My intent for tomorrow is to drive for four hours round trip to (hopefully) receive a blessing from Amma Sri Karunamayi. My toenails are newly painted, and the alarm is set for 4:27 in the hope of getting myself on the road (or at least to the nearest purveyor of caffeine) by 5 am & avoiding the worst of the rush hour traffic. (Is there anything disturbing ... anything at all ... about a society where coffee shops find it profitable to open at such an unholy hour?)
C (formerly known as "George") has a birthday on Friday; we're having a little hoolie on Saturday. (My delight at being reacquainted with this word is large). There is much to do in preparation, so I considered *not* making the drive to see Amma. For about five minutes. But as soon as I looked at her website again this evening, I felt drawn anew to make the journey.

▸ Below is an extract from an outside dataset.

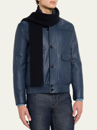 Men's Cashmere Rib Leather-Label Scarf

I keep telling myself (and others) that I am having a midlife crisis, or an existential moment of being (thanks, Virginia), so I need to walk the talk, or whatever, don't I? So the alarm is set; my white clothing is ready; and, yes, my spirit rouses a little ... after a long, dreary winter ... at the prospect of a jaunt on the morrow.

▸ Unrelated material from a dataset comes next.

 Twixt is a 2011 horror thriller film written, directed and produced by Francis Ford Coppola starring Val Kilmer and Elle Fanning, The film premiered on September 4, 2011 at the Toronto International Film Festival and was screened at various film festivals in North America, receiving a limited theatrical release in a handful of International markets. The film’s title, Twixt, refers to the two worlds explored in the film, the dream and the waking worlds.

Until a few days ago, I knew nothing about this woman. There's another Indian female teacher, another Amma, (which is, after all, only the Hindi word for "mother"), aka the hugging saint, who I *had* heard of. Initially I confused the two and felt disappointed that this Amma wasn't the same as that Amma. Such silliness. As my friend J said, " ... the world needs as many manifestations of the Divine Mother as we can get!" And so I am excited to have this manifestation to look forward to.
A joy to me in all of this is the fact that I learned of each of these Ammas from two especially dear friends. Several months ago, J shared information with me about the "first" Amma; and now my friend A has told me about her recent blessing from the "second" Amma. I've "known" A & J for perhaps a year, maybe two; the quotes are because we've never met face-to-face, even though we've shared many cyber conversations of intimacy & hilarity, the three of us. We all participated for a time in a Yahoo! group intended to foster spirituality and sisterhood. Sadly, the experience fell far short of the mark for me, but even in disaster there are gifts.

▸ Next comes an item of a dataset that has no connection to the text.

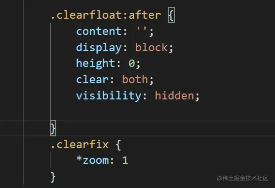 清除浮动的几种方式 加油奋起学前端_ss 2021-01-12 186 阅读1分钟 1.在要清除浮动的那个元素后面添加一个空div元素,并设置其CSS为 clear:both; 2.给要清除浮动的那个元素的父元素添加overflow:hidden(一定是给父级元素添加); 3.给父元素添加:after和*zoom伪元素; 4.给父元素添加双伪元素;

To me, J & A are delights that I carried with me from a painful experience. And I continue to profit from their association on Facebook, a venue (?!) about which I remain conflicted. I love to play word games and keep up, generally speaking, with my friends, but Facebook is turning out to be a frighteningly efficient time-suck in a life already marked by too many temporal challenges.
Anyway, I am grateful to my friends, past & present, and to all the Ammas in the world. My hopes are high for tomorrow.